< Jeremiah 45 >
1 The word that Jeremiah the prophet spoke unto Baruch the son of Neriah, when he had written these words in a book at the mouth of Jeremiah, in the fourth year of Jehoiakim the son of Josiah king of Judah, saying,
Het woord, dat de profeet Jeremia gesproken heeft tot Baruch, den zoon van Nerija, als hij die woorden uit den mond van Jeremia in een boek schreef, in het vierde jaar van Jojakim, den zoon van Josia, den koning van Juda, zeggende:
2 Thus says the LORD, the God of Israel, unto you, O Baruch:
Alzo zegt de HEERE, de God Israels, van u, o Baruch!
3 You did say, Woe is me now! for the LORD has added grief to my sorrow; I fainted in my sighing, and I find no rest.
Gij zegt: Wee nu mij, want de HEERE heeft droefenis tot mijn smart gedaan; ik ben moede van mijn zuchten, en vind geen rust!

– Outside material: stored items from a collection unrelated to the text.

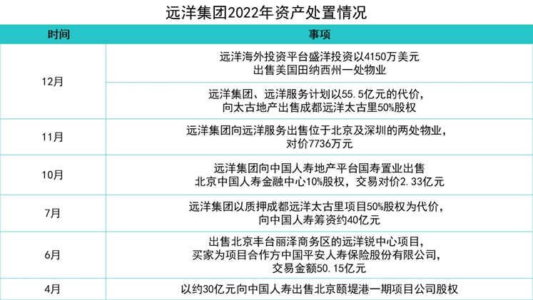 在這期間,遠(yuǎn)洋也不例外,對(duì)部分資產(chǎn)進(jìn)行處置,融資和償債是全年主線。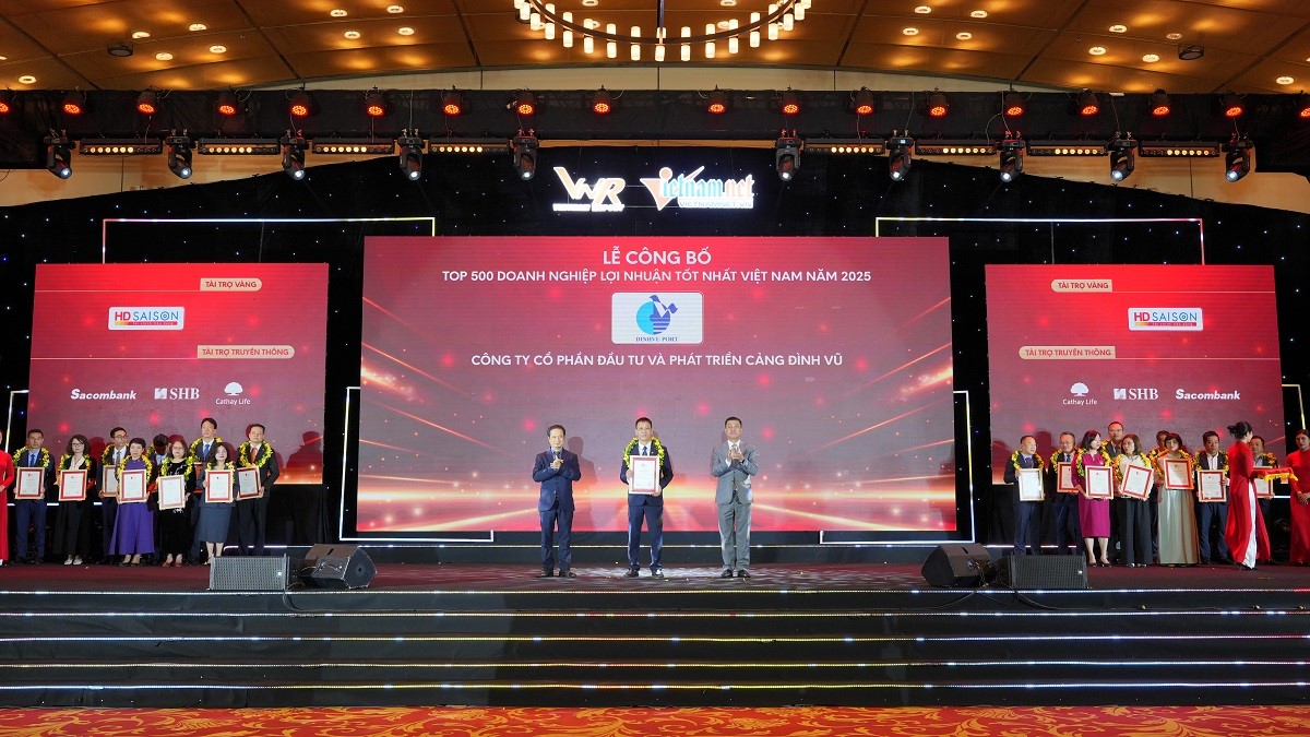 Ngày 28/10/2025 tại Trung tâm hội nghị quốc gia - TP. Hà Nội, Công ty cổ phần Báo cáo Đánh giá Việt Nam (Vietnam Report) phối hợp cùng Báo VietNamNet – Bộ Thông tin và Truyền thông tổ chức Lễ công bố Top 500 Doanh nghiệp có lợi nhuận tốt nhất Việt Nam – PROFIT500; Top 30 Tập đoàn đầu tư chiến lược Việt Nam (ALPHA30) và Top 10 Công ty uy tín ngành Thực phẩm - Đồ uống - Bán lẻ - Bao bì - Nông nghiệp công nghệ cao năm 2025. Công ty cổ phần Đầu tư và Phát triển Cảng Đinh Vũ năm thứ tư liên tiếp vinh dự được trao danh hiệu Top 500 doanh nghiệp có lợi nhuận tốt nhất Việt Nam và lần thứ hai được vinh danh Top 50 doanh nghiệp xuất sắc Việt Nam năm 2025.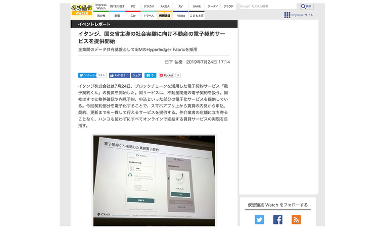【掲載情報】仮想通貨Watch(2019.07.24)『イタンジ、国交省主導の社会実験に向け不動産の電子契約サービスを提供開始』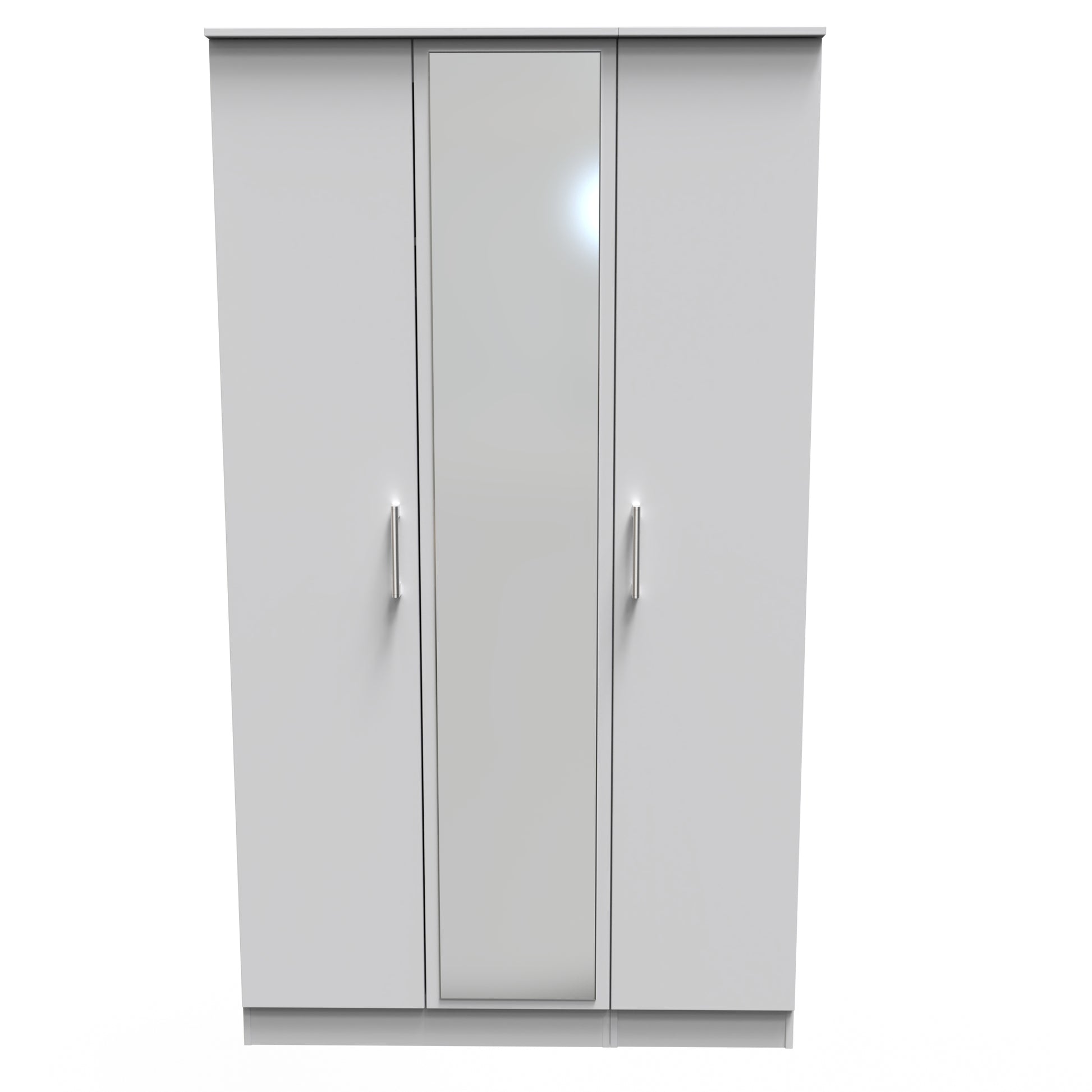 Devon Tall Mirror Wardrobe Grey 2 Shelves 182cm

4 Thus shall you say unto him, The LORD says thus; Behold, that which I have built will I break down, and that which I have planted I will pluck up, even this whole land.
Zo zult gij tot hem zeggen: Zo zegt de HEERE: Zie, dat Ik gebouwd heb, breek Ik af, en dat Ik geplant heb, ruk Ik uit, zelfs dit ganse land.
5 And seek you great things for yourself? seek them not: for, behold, I will bring evil upon all flesh, says the LORD: but your life will I give unto you for a prey in all places where you go.
En zoudt gij u grote dingen zoeken? Zoek ze niet; want zie, Ik breng een kwaad over alle vlees, spreekt de HEERE; maar Ik zal u uw ziel tot een buit geven, in alle plaatsen, waar gij zult henentrekken.